Baron Von Awsm wrote:
> Our web app may be deployed to a Tomcat version 6 or higher, hence Java
> version 5 or higher. It may be deployed to a Tomcat running on a
> Windows-derivative OS or Unix-derivative OS.
> We have a requirement that can be stated as follows,
> * The web app needs to be able to read from and write to a directory that
> is external to the webapp's own docBase and directory structure.

If there is no Java Security Manager in effect, a webapp can do whatever it wants, subject

to the restrictions of access determined by the user-id under which it runs (the Tomcat 
user-id) and the permissions on the filesystem.

> * The write access needs to be unrestricted in that the web app will need
> to create, modify and delete files and directories within the directory
> (but not be able to delete the directory itself).

See the above paragraph.

> * The directory needs to be a member of the webapp's classpath.

Meaning, I suppose, the classpath of the JVM running Tomcat ?
(but I don't really understand what you mean or what your needs are in terms of that 
"classpath" you are talking about.  Do you really mean, in essence, that others will be 
putting classes there, that need to be loaded and run by your webapp ?).

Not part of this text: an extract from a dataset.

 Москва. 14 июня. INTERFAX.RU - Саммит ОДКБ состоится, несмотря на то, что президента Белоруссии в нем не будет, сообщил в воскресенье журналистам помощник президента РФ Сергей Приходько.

> * The directory contents must not be accessible via any url that can be
> directed at the webapp. 

It would not be, if it is not under the Tomcat appBase.
Unless you provide yourself some sneaky back-way to access them (like symlinks to it, from

your webapp directory).

(The external directory cannot be considered to be
> owned by the webapp. Other applications (not web applicaitons) own (in the
> logical sense) the directory. These applications write information to and
> read information from this directory. 

All irrelevant to the above, I think.

I need my web app to be a consumer
> and publisher of informoration in this directory without exposing any
> directory contents via a url).

See above.

> We're developing on Windows 7. In the development environment, we're simply
> placing the path to the external directory in the webapp's classpath in the
> web app's Tomcat context file. We're running Tomcat without the -security
> option and all works well. With the -security option, as expected, the
> webapp no longer has the permissions needed to read and write against the
> external directory with File operations.
> What do we need to do to configure Tomcat (running with the -security
> option) to allow us the access we're after to the external directory?

Provide the appropriate rules to allow your webapp to read and write there.
I believe that there are examples in the standard catalina.policy file that comes with 
Tomcat.  Note that this is a "Java thing", not specific to Tomcat.

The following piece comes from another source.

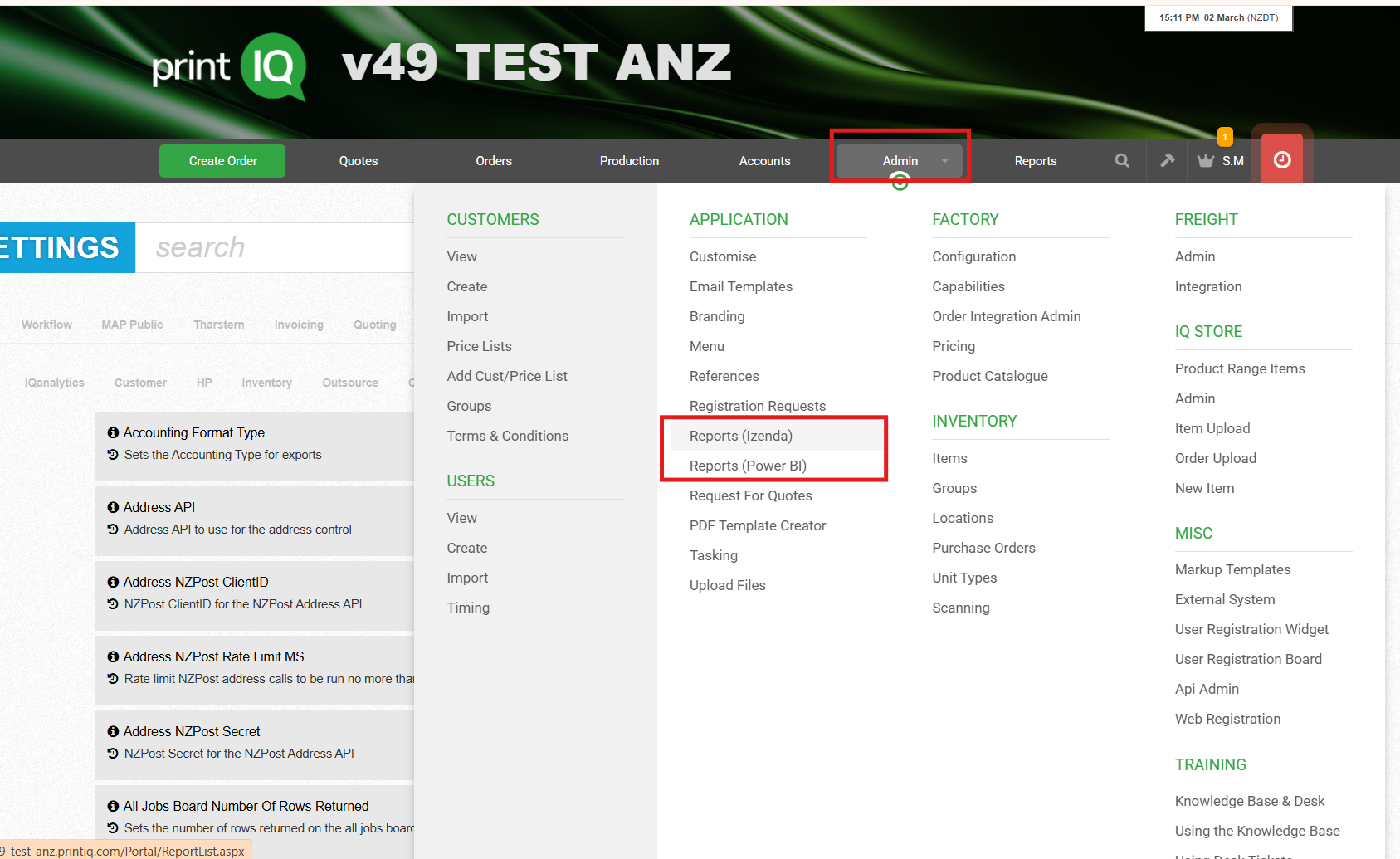 Once your user has been assigned the appropriate role, the reports option will display in the menu under Admin -> Application:

Note: the Java Security Manager esentially provides a set of "fences" which limit what the

webapp can do.  If you write the webapps yourself, it protects you against your own 
mistakes in your own code.  If you allow other people to load webapps to your system, it 
protects you against what their code can do.
Of course this has a price in terms of overhead, beause once it is enabled, it has to 
check and filter every access to anything.

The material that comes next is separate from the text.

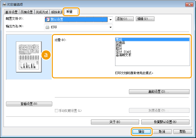 若要为在 [对象:] 中选择的每个项目指定详细设置,请单击 [高级设置]。更多信息,请单击打印机驱动程序画面上的 [帮助]。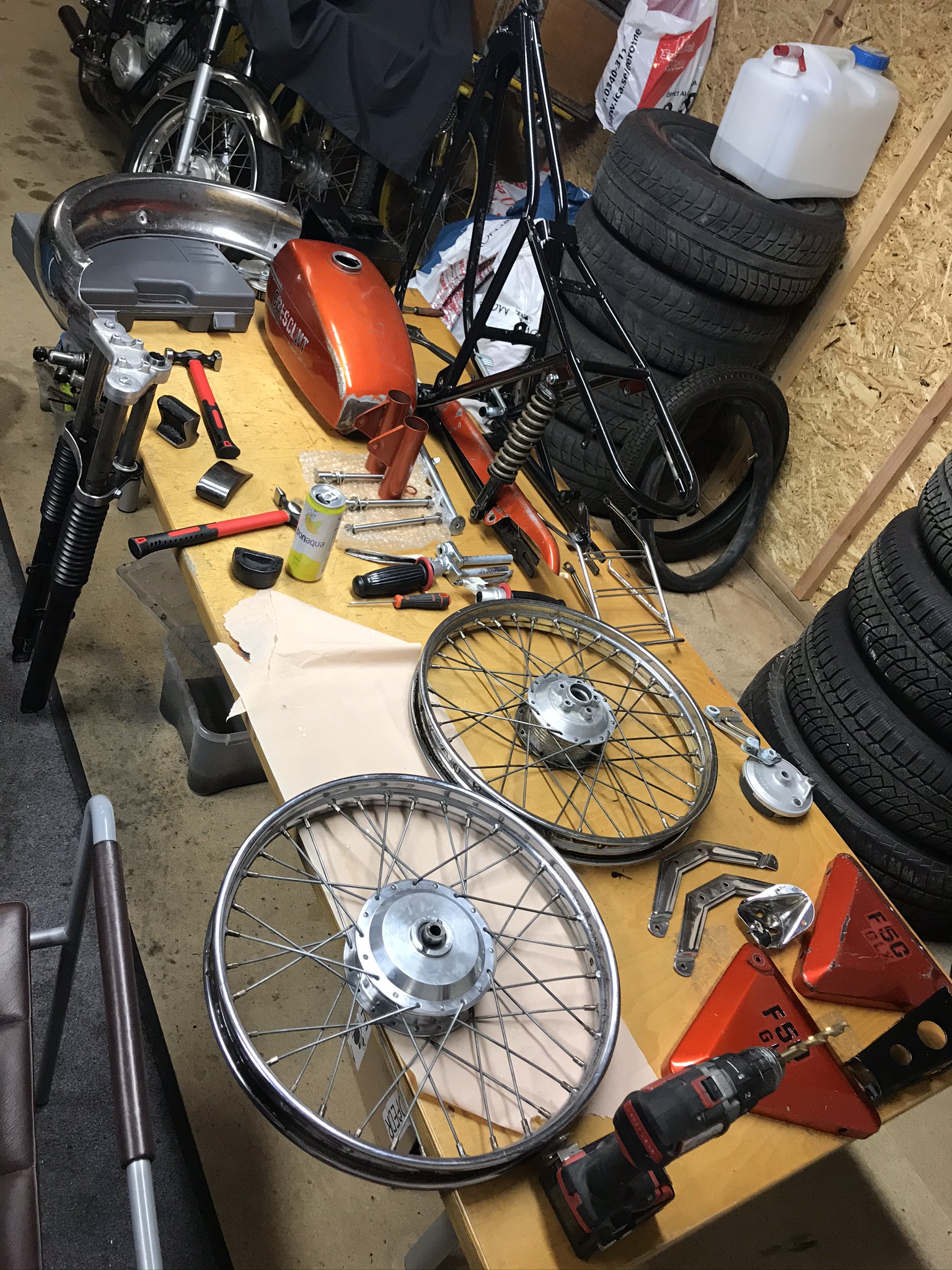 Sökande efter rätt framlampa, hastighetsmätare och om möjligt ett par sidokåpor till fortsatte och jag försökte även hitta bättre delar än de jag hade för att ha ett bättre utgångsläge.

Note : in my own humble opinion, with the tone you are using and the kind of questions you

are asking, you are walking just on the fine line that separates the kind of thing for 
which people here will be willing to help you, and the kind of thing for which they would

send you back to Googling for yourself.
Do not forget that this is a mailing list manned by volunteers, with the objective of 
helping people who want to use Tomcat.  It is not a free resource to do your work for you.
There exist paid consultants for that.